#### [DATA TO EXAMINE]
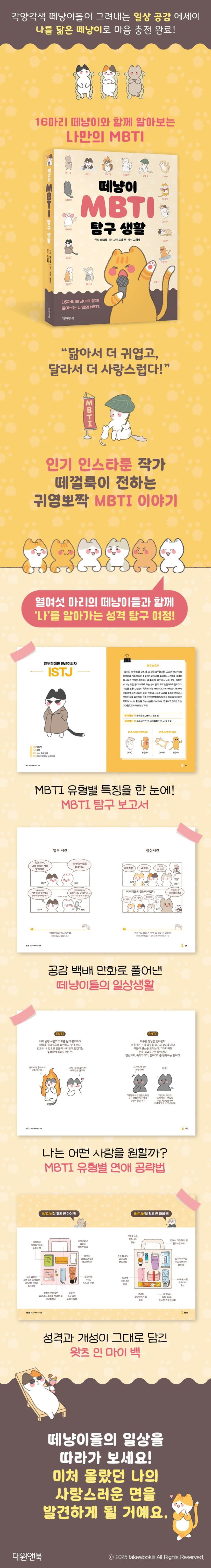 《떼냥이 MBTI 탐구 생활》은 인기 인스타툰 ‘떼냥이툰’의 사랑스러운 고양이 캐릭터들과 함께 내 안의 새로운 모습을 발견하고, 이해해 가는 유쾌한 마음 탐구 에세이다. 복잡한 인간관계와 반복되는 일상에서 ‘진짜 나’를 찾고 싶은 이들에게, 이 책은 유쾌한 웃음과 따뜻한 공감으로 일상에 작은 쉼표를 건넨다. 서로 다른 MBTI 유형을 가진 16마리의 떼냥이들의 일상을 따라가다 보면 어느새 나와 닮은 떼냥이를 발견하고, 미처 몰랐던 나의 사랑스러운 면을 발견하게 될 것이다.
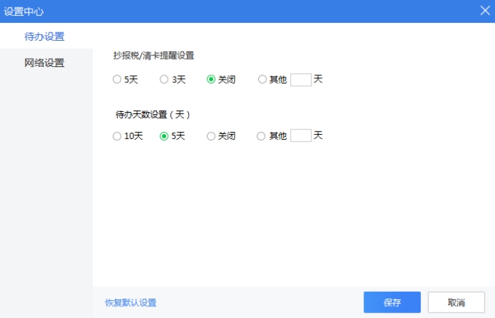 待办设置包含 2 个功能抄报税/清卡提醒设置和待办天数设置。
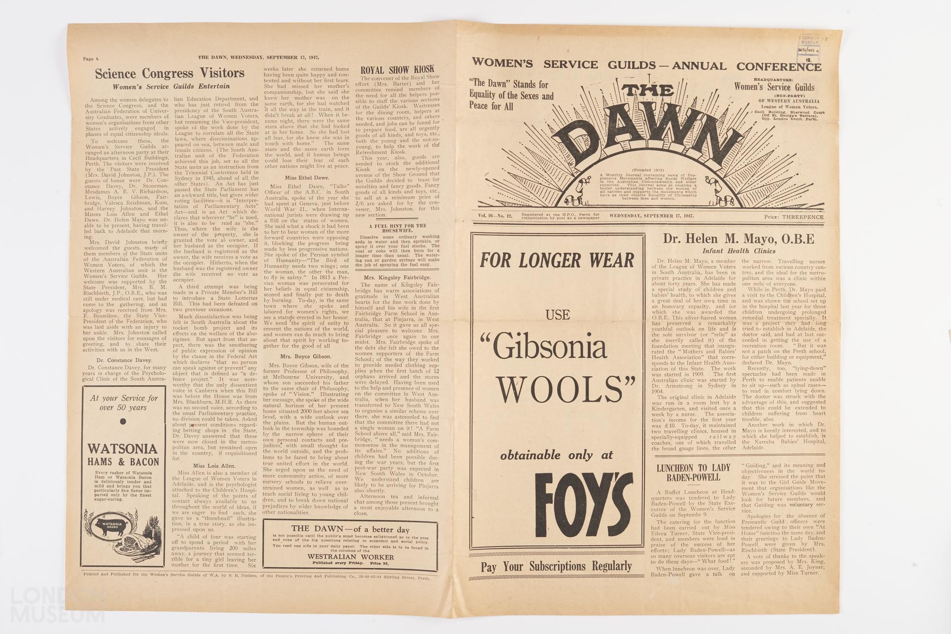 Copy of The Dawn, dated Wednesday September 17, 1947. Part of the collection of objects relating to the Suffragette Movement, given by the Suffragette Fellowship, 1950.
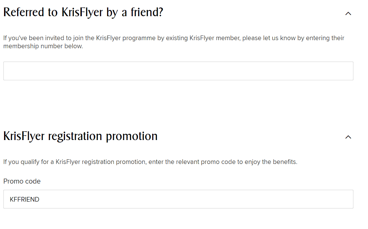 Als je nog geen lid bent kun je 800 miles verdienen door je aan te melden met een referral code van een bestaand lid. De referral code is het Krisflyer lidmaatschapsnummer van dit bestaande lid. Het is daarnaast belangrijk dat je de promo code “KFFRIEND” invult.
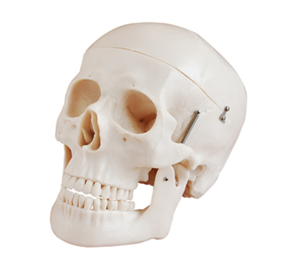 這款自然大成人頭骨模型顯示:活動下巴、切開的頭蓋骨和骨縫線,頭骨的表現(xiàn)極其逼真。分成三部分。用PVC制成。

#### [ABOUT THIS EXERCISE]
In the answer, the lines from the one containing "Copy of The" to the end of the records above must be written out exactly, both ends included; the pictures must not appear.

#### [OUTPUT]
 Copy of The Dawn, dated Wednesday September 17, 1947. Part of the collection of objects relating to the Suffragette Movement, given by the Suffragette Fellowship, 1950.
 Als je nog geen lid bent kun je 800 miles verdienen door je aan te melden met een referral code van een bestaand lid. De referral code is het Krisflyer lidmaatschapsnummer van dit bestaande lid. Het is daarnaast belangrijk dat je de promo code “KFFRIEND” invult.
 這款自然大成人頭骨模型顯示:活動下巴、切開的頭蓋骨和骨縫線,頭骨的表現(xiàn)極其逼真。分成三部分。用PVC制成。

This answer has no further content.